Casasnovas C, Banchs I, Corral J, Martínez-Matos J A, Volpini V
Neuromuscular Unit, Neurology Department, Hospital Universitari de Bellvitge-IDIBELL, Feixa Llarga s/n, L'Hospitalet de Llobregat, Barcelona, Spain.
Clin Genet. 2006 Dec;70(6):516-23. doi: 10.1111/j.1399-0004.2006.00724.x.
From 1995 to 2004, 979 families with hereditary peripheral neuropathy were referred to the Genetic Diagnosis Center. Using single-strand conformation analysis (SSCA), the connexin 32 gene was analysed in all the patients from 498 families with sporadic or dominant inheritance with no male-to-male transmission and absence of the 17p2 duplication or deletion. Affected males had pes cavus, distal leg weakness, muscular distal atrophy, areflexia and distal sensory loss. The 106 families in which SSCA revealed abnormal migration electrophoresis were directly sequenced. We found 34 families (59 patients) with mutations in connexin 32 gene. In electrophysiological studies, 58.8% families presented slow and 14.7% intermediate nerve conduction velocities. Molecular findings revealed that codon 164 (29.4 +/- 15.3%) and the second extracellular (EC2) domain (44.1 +/- 16.6%) were the most frequently affected codon and domain of the connexin 32. Six novel mutations, Leu39fs, Glu47Gly, His153fs, Cys179Tyr, Cys201Phe and Ser211fs, were found in our study.
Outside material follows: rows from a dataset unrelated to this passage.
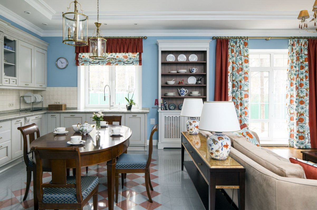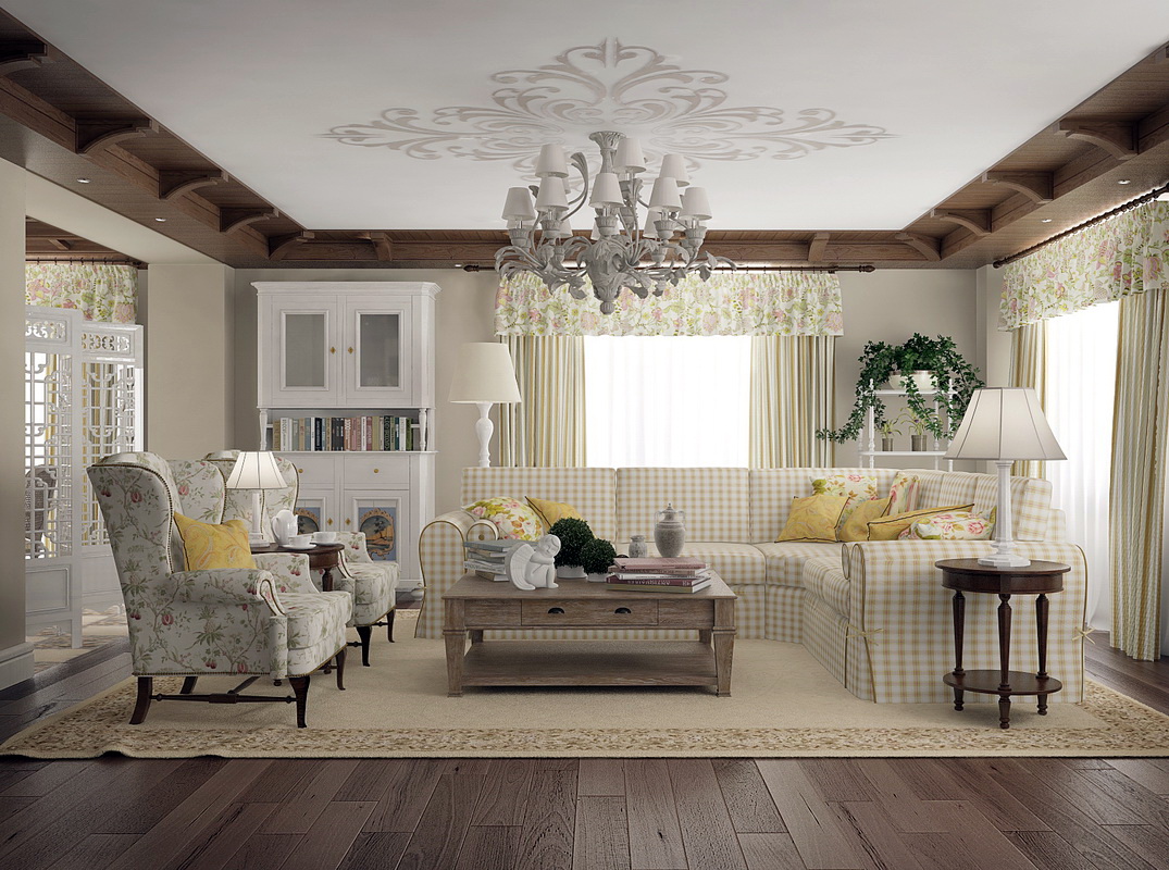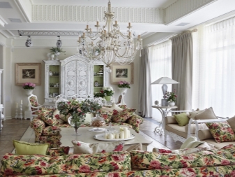 - Luxurious large living room with large windows in Provence style. Latticed glass creates a retrospective. The designer chose white curtains with a large floral pattern in yellow and blue colors. Lambrequin without assemblies, but with a figured edge.
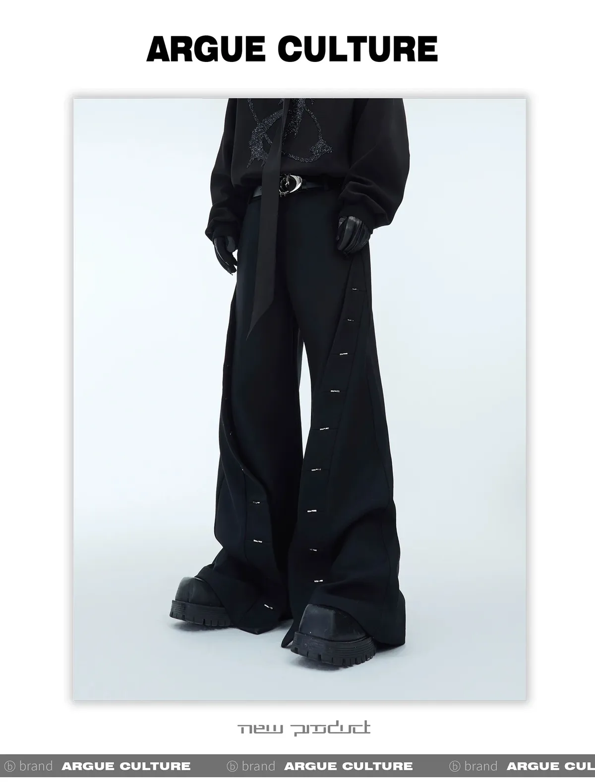 ARGUE 先鋒亮面 微喇叭 長褲(黑色)
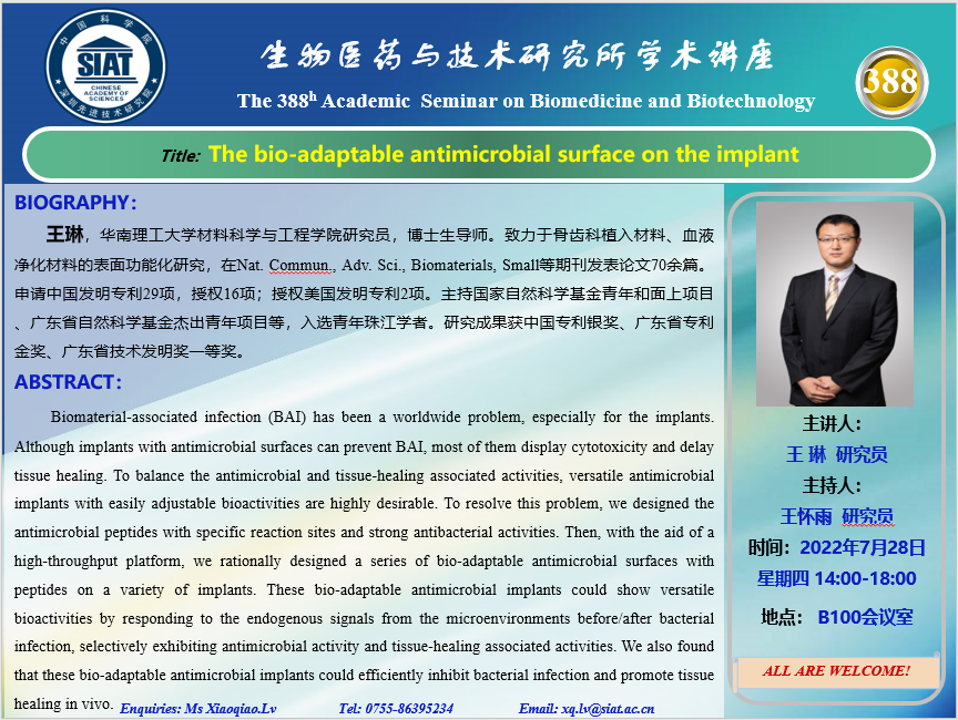 医药所第388期学术讲座将于2022年7月28日 星期四 14:00-18:00 B100会议室 举行。本次讲座邀请了来自华南理工大学材料科学与工程学院,王琳 研究员带来“The bio-adaptable antimicrobial surface on the implant”的报告。届时,王怀雨 研究员 将主持讲座。
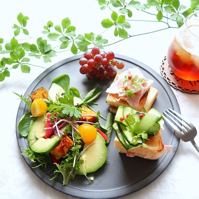 アボカドやサラダ、ぶどうも並べた彩の良いワンプレートの朝ごはんです。黒いプレートが食材の色味を引き立てていますね。
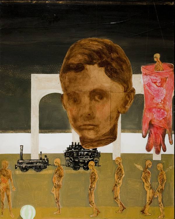 Massimo Gurnari Infanzia sospesa con guanto di gomma rosso - 2005 tecnica mista e collage su tela cm. 120x95 Firma sul retro
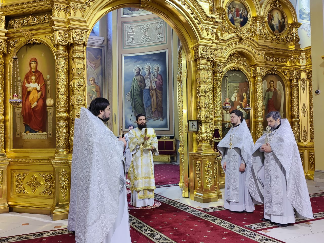 Его Преосвященству сослужили настоятель собора иерей Леонтий Дмитриев и клирики собора. Диаконский чин возглавил диакон Сергий Осяк.
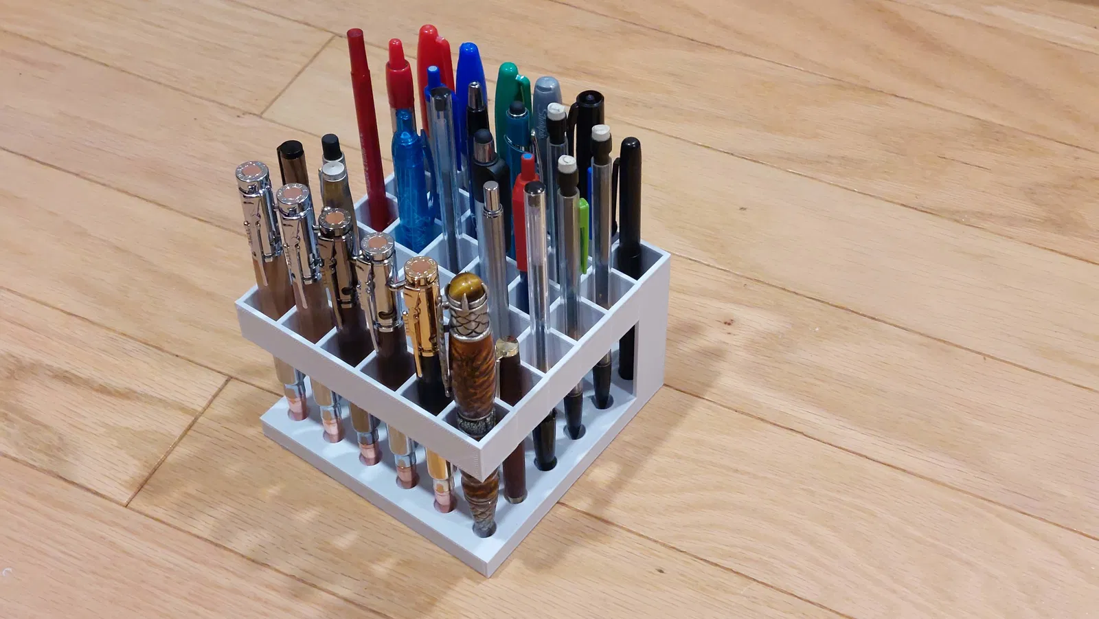 Mình thích bản in nằm ngang (side print) hơn để khỏi cần supports che tầm nhìn, nhìn đồ viết của bạn cũng rõ hơn. Khay này đựng được mọi thứ có bề ngang nhỏ hơn 18mm.
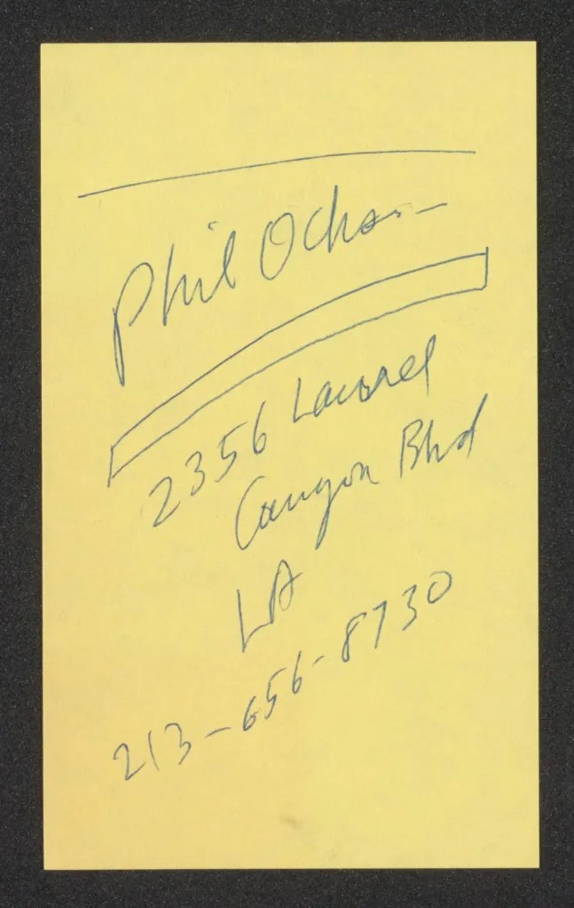 Program dedicated to political songwriter and performer Phil Ochs (1940-1976) that includes a May 1973 Studs Terkel interview with Ochs and close friend Bob Gibson, and Ed Pearl interviewing Ochs’ brother and manager Michael. Studs Terkel interview includes Ochs and Gibson singing songs from and discussing Ochs’ life and musical career. Michael Ochs talks to Ed Pearl about Phil and plays songs from Chords of Fame, a best-of compilation Michael produced months after Phil’s death. Broadcast on KPFK in 1981.
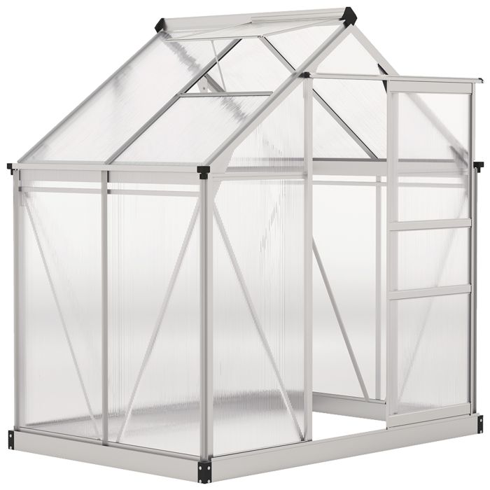 QUINDLETON Walk In Polycarbonate Greenhouse 6x4ft - Silver
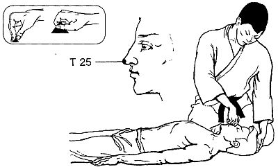 Кода, Т25 распологается в центре кончика носа. Применяется при шоке, обмороке, носовом кровотечении.
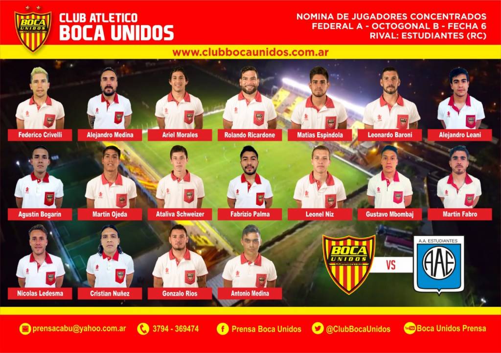 Boca Unidos: Alejandro Medina; Matías Espíndola, Rolando Ricardone, Ariel Morales y Alejandro Leani; Fabrizio Palma, Martín Ojeda, Martín Fabro y Gustavo Mbombaj; Cristian Núñez y Nicolás Ledesma. DT: Carlos Mayor.
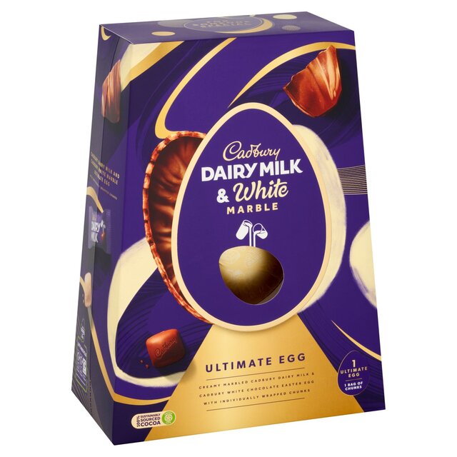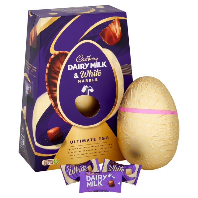 Creamy marbled Cadbury dairy milk & Cadbury white chocolate Easter egg with individually wrapped chunksYour Easter egg has been made with Cadbury dairy milk
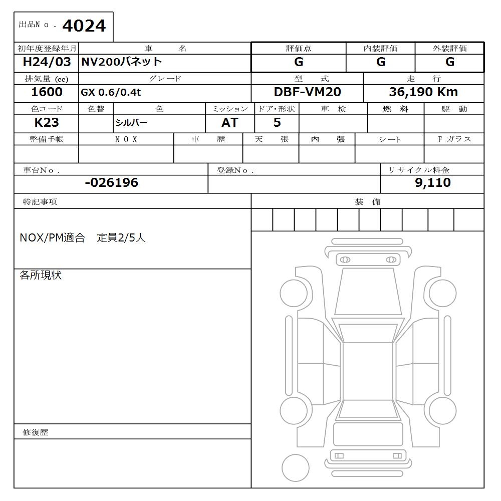 NISSAN NV200 VANETTE - лот 4024

1995年至2004年期间,979个患有遗传性周围神经病的家庭被转诊至基因诊断中心。运用单链构象分析(SSCA),对498个具有散发或显性遗传且无男性对男性传递、不存在17p2重复或缺失的家庭中的所有患者进行了连接蛋白32基因分析。患病男性有高弓足、小腿远端无力、肌肉远端萎缩、无反射和远端感觉丧失。对SSCA显示迁移电泳异常的106个家庭直接进行测序。我们发现34个家庭(59例患者)存在连接蛋白32基因突变。在电生理研究中,58.8%的家庭呈现神经传导速度减慢,14.7%的家庭呈现神经传导速度中等。分子研究结果显示,密码子164(29.4 +/- 15.3%)和第二个细胞外(EC2)结构域(44.1 +/- 16.6%)是连接蛋白32最常受影响的密码子和结构域。在我们的研究中发现了6种新的突变,即Leu39fs、Glu47Gly、His153fs、Cys179Tyr、Cys201Phe和Ser211fs。